By establishing a global or local markdown instruction file (such as agents.mmd, claude.mmd, or gemini.md), users can create a self-correcting prompt architecture. When an agent experiences a failure, hits a bug, or receives explicit user correction, it is instructed to automatically write a clear imperative rule to the bottom of the instruction file (e.g., 'Never generate dark-mode UI' because 'the user prefers clean white minimalist aesthetics'). This allows historical learnings to accumulate across independent sessions, steadily driving down the agent's error rate.

Stochastic consensus and chat room debates leverage model variance to generate highly refined strategic solutions.
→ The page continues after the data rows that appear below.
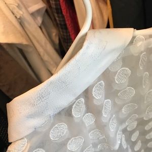This adorable top is sheer with patched polka dots😍 the pocket and collar are leather material! Worn once to a festival but got it very dirty there 😅 the collar has some gray marks! I will post more pictures of that very soon but still a beautiful piece 🔥
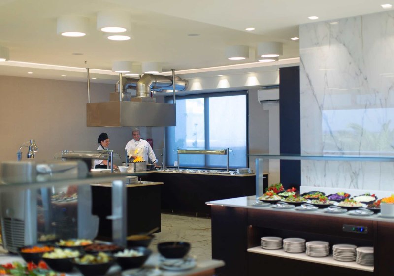 Im Hauptrestaurant wählt Ihr zwischen griechischer und internationaler Küche; auf der Außenterrasse schmeckt das Abendlicht zur Mahlzeit. Ergänzend versorgt Euch die Bar mit klassischer Getränkekarte, während die Pool-/Snackbar Zwischenstopps am Wasser erleichtert. So bleibt Ihr im Fluss Eures Tages.
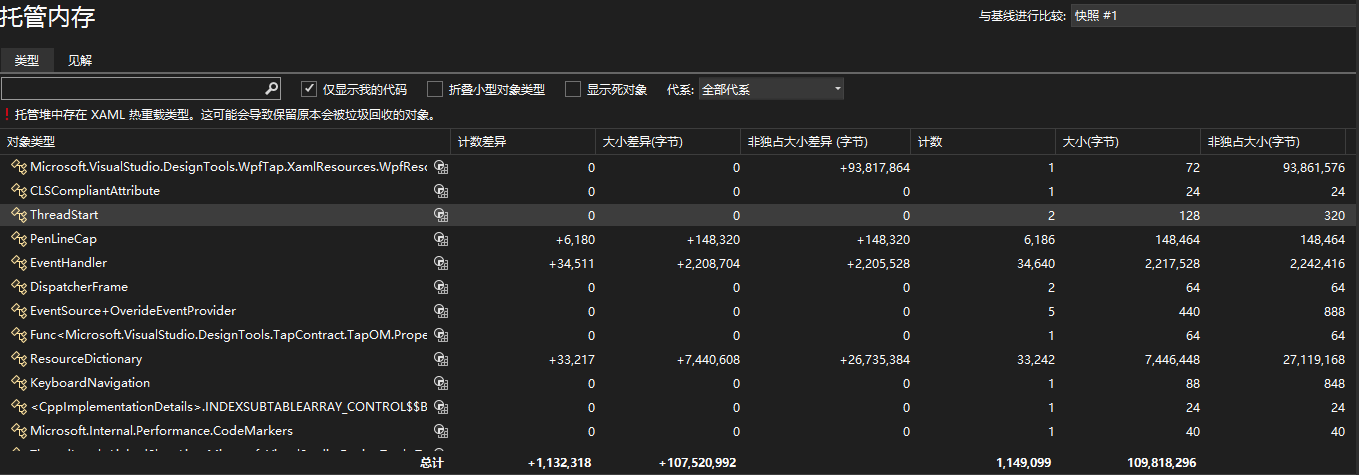 要查看内存使用情况时,可以在诊断工具窗口的内存使用情况选项卡点击“截取快照”按钮。通常我们会在内存显著增加前后各截取一次内存快照,然后对比两次快照中对象和堆大小的差异。
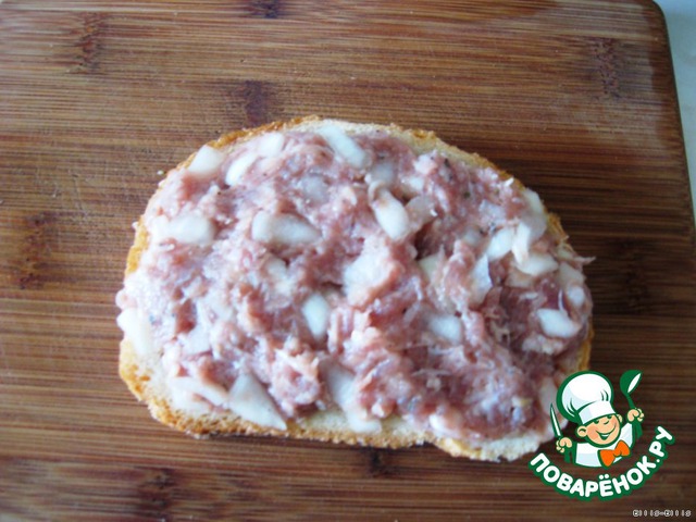 Берем ломтик хлеба и намазываем его фаршем. Толщина, где-то, 1 см или больше, на ваше усмотрение.

Rather than relying on a single, linear query, developers can exploit the statistical stochasticity of LLMs. In Stochastic Multi-Agent Consensus, a parent agent spawns multiple parallel sub-agents with slight prompt variations to map the response 'search space,' analyzing outcomes based on median, mode, and outliers. Similarly, Agent Chat Rooms group role-playing sub-agents (systems thinker, pragmatist, contrarian, user advocate, and edge-case finder) to debate a problem round-robin, sharpening ideas through direct challenge before delivering a synthesized report.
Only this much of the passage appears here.